Xu Zhenxing, Yang Ping, Hu Ke, Xu Bing, Li Heping
Appl Opt. 2019 Mar 10;58(8):1998-2009. doi: 10.1364/AO.58.001998.
To correct wavefront aberrations, commonly employing proportional-integral control in adaptive optics (AO) systems, the control process depends strictly on the response matrix of the deformable mirror. The alignment error between the Hartmann-Shack wavefront sensor and the deformable mirror is caused by various factors in AO systems. In the conventional control method, the response matrix can be recalibrated to reduce the impact of alignment error, but the impact cannot be eliminated. This paper proposes a control method based on a deep learning control model (DLCM) to compensate for wavefront aberrations, eliminating the dependence on the deformable mirror response matrix. Based on the wavefront slope data, the cost functions of the model network and the actor network are defined, and the gradient optimization algorithm improves the efficiency of the network training. The model network guarantees the stability and convergence speed, while the actor network improves the control accuracy, realizing an online identification and self-adaptive control of the system. A parameter-sharing mechanism is adopted between the model network and the actor network to control the system gain. Simulation results show that the DLCM has good adaptability and stability. Through self-learning, it improves the convergence accuracy and iterations, as well as the adjustment tolerance of the system.

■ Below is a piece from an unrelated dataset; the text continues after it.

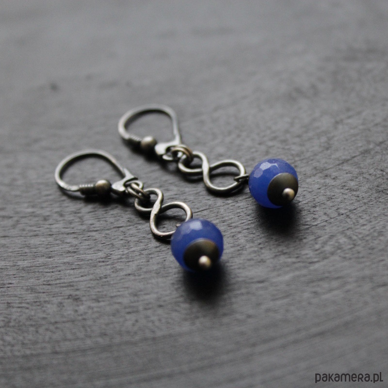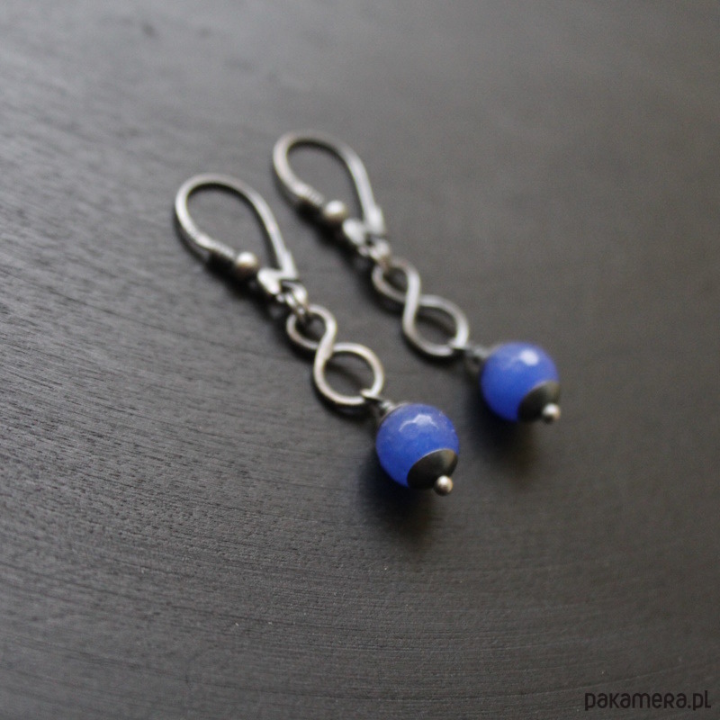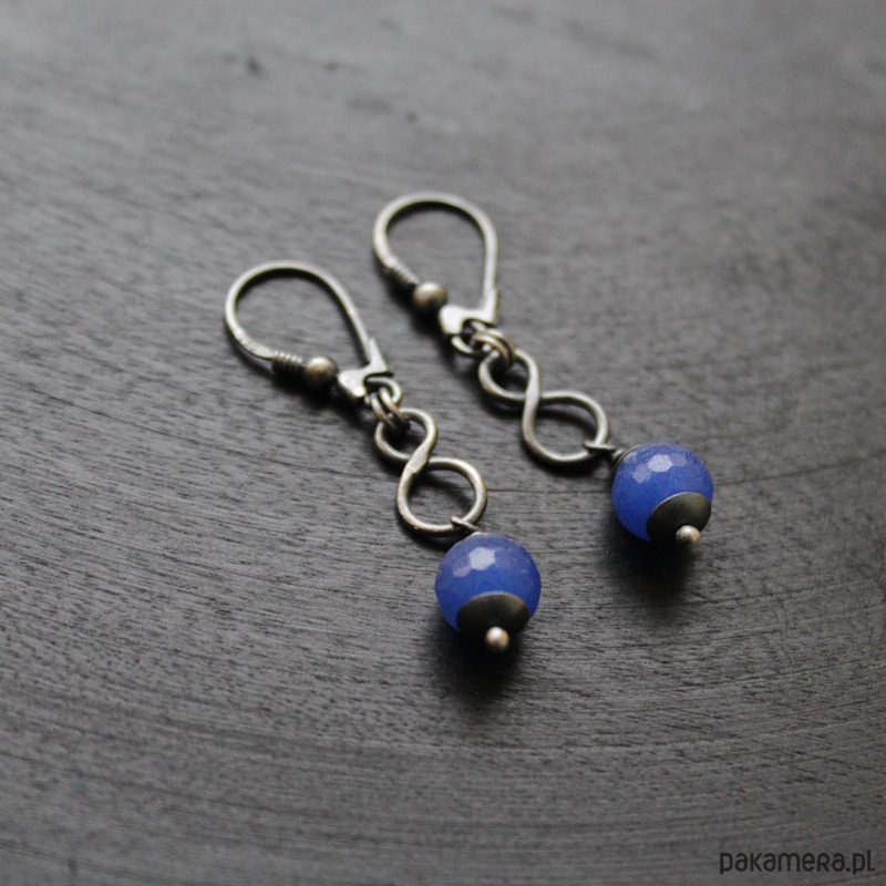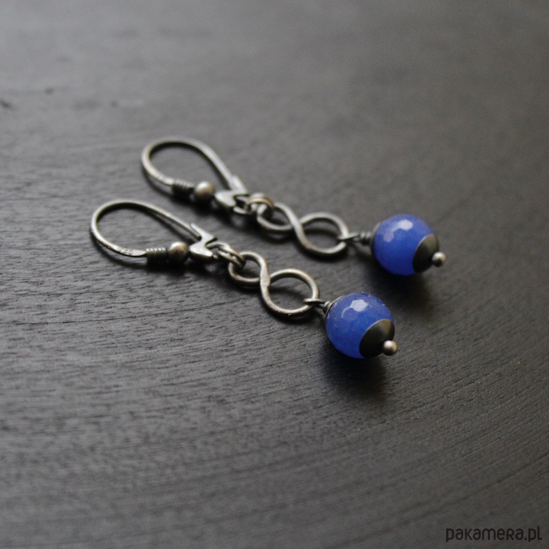 Kolczyki z przepięknymi niebieskim fasetowanym jadeitem wielkości 0,8 cm oraz oksydowanego srebra próby 925.

为了校正波前像差,自适应光学(AO)系统通常采用比例积分控制,控制过程严格依赖于可变形镜的响应矩阵。哈特曼-夏克波前传感器与可变形镜之间的对准误差是由AO系统中的各种因素引起的。在传统控制方法中,可以重新校准响应矩阵以减少对准误差的影响,但这种影响无法消除。本文提出了一种基于深度学习控制模型(DLCM)的控制方法来补偿波前像差,消除了对可变形镜响应矩阵的依赖。基于波前斜率数据,定义了模型网络和动作网络的代价函数,并采用梯度优化算法提高了网络训练效率。模型网络保证了稳定性和收敛速度,而动作网络提高了控制精度,实现了系统的在线识别和自适应控制。模型网络和动作网络之间采用参数共享机制来控制系统增益。仿真结果表明,DLCM具有良好的适应性和稳定性。通过自学习,它提高了收敛精度和迭代次数,以及系统的调整容限。